Her eyes widened as she looked anxiously at the snug cab of the sports car. “Just you and me? To, um, D-DC?”

“You stutter when you’re nervous,” he said matter-of-factly, opening her car door and leaning his elbow on the top of it. “Why do I make you nervous?”

“I . . .” She looked up at him, chin high. “Because you d-dislike me so much.”

“I told you I don’t hate you,” he said.

She nodded. “But you don’t like me either.”

“I never said that,” he said, his eyes losing a touch of their playful sparkle. “Come on, get in. We need to hit the road.”

“Why aren’t we flying?” she asked, unmoving on the sidewalk.
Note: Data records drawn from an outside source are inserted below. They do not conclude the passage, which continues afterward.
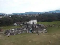 According to a drawing made by Rivera y Maestre in the early 19th century, the temple of Awilix was not as tall as the temple of Tohil.[16] This structure was apparently the second most important temple in Qʼumarkaj.[17] Originally this temple was formed of a large rectangular platform supporting a smaller platform and a temple structure on the east side.[18] A wide stairway climbed the west side of the temple, it was flanked on the lower level by two large talud-tablero panels.[19] The exterior stonework of the building has been completely stripped away.[20] There were four principal phases of construction and there is evidence that the temple had been repaired various times prior to the Spanish conquest.[21] The floor under the third phase of construction had been painted dark green.[22] Archaeological investigations found fragments of incense burners underneath the first building phase.[23]
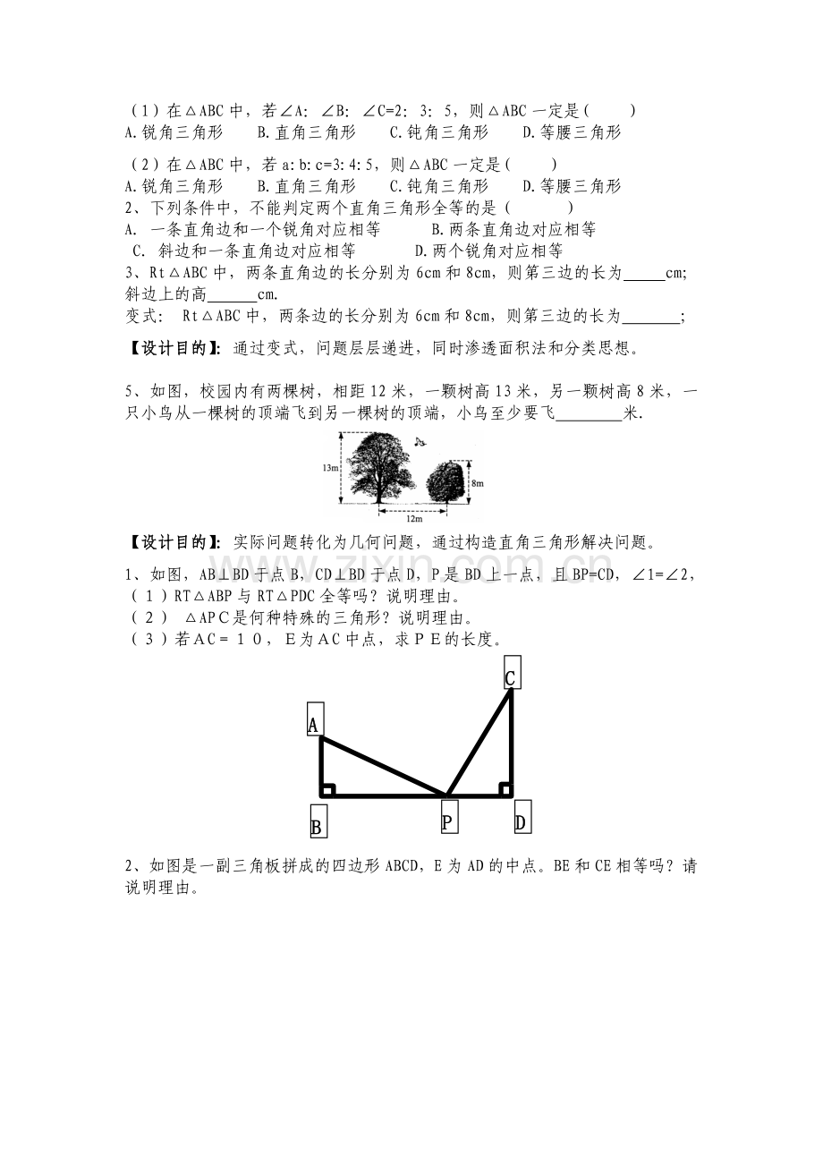 2、综合运用直角三角形的知识解决实际问题,是本节课学习的重点和难点。因此从题目的安排上由浅入深、由易到难,层层递进。基础部分注重学生对性质,判断的掌握,授予学生数学思想和方法(面积法,分类思想,构造法,全等转换,方程思想),起到巩固已有知识,提高解题能力,掌握解题技巧的目的,能力题力求教法新型,创新,激发学生的求知欲望,同一题不同问题,同一问题不同条件,同一图形不同变化,让学生在变化中找不同,在相同中寻不同,培养思维能力和逻辑能力,并体验通过解决问题带来的成就感。
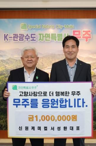 내고향뉴스 고광만 기자 | 신원케미칼 서성환 대표가 지난 9일 무주군에 고향사랑기부금 1백만 원을 기탁했다.
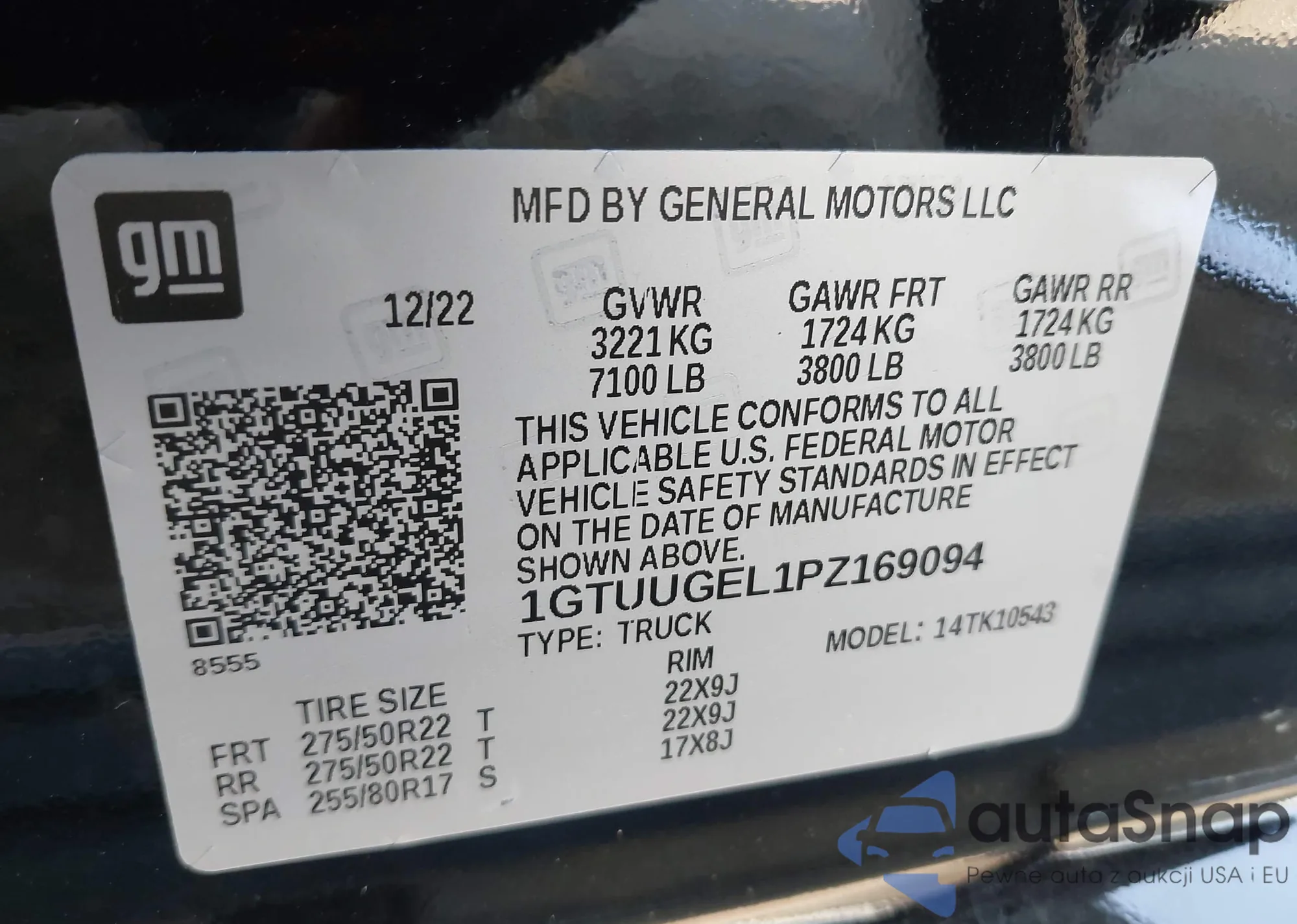 • VIN 1GTUUGEL1PZ169094

He shut the car door and leaned against it, crossing his arms and facing her. “I respect the fact that you couldn’t make it last night, but it doesn’t change the fact that we need to talk, Jules. We have several engagements this week that are very, very important to my campaign, and once we get to DC, time will be scarce. Not to mention, I’d like to know more about the man who lied to you.”

Business. All business.
Something inside her deflated, but she nodded, taking a step closer to him. “Okay.”

He took a deep breath and sighed, cocking his head to the side. “And maybe I just want to know more about you. Who you are. How you ended up in the middle of my life. And why I can’t stop thinking about you now that you’re here.”

Oh, my heart. You’ll kill it dead if I’m not careful.

“I won’t let you play with me,” she said softly, with all the conviction she could muster. “I will help you. I will reverse the wrong I did to you. I will appear in public with you and let you touch me as I would if I was precious to you. But I won’t let you p-play with me, Chris. We need to b-be clear on that.”

He nodded, his eyes soft with understanding as he opened her door again. “Clear.”

“Okay,” she said, nodding at him gravely before ducking into the car.

***

It had taken half an hour for her to loosen up, but Christopher couldn’t help thinking that it was well worth the wait.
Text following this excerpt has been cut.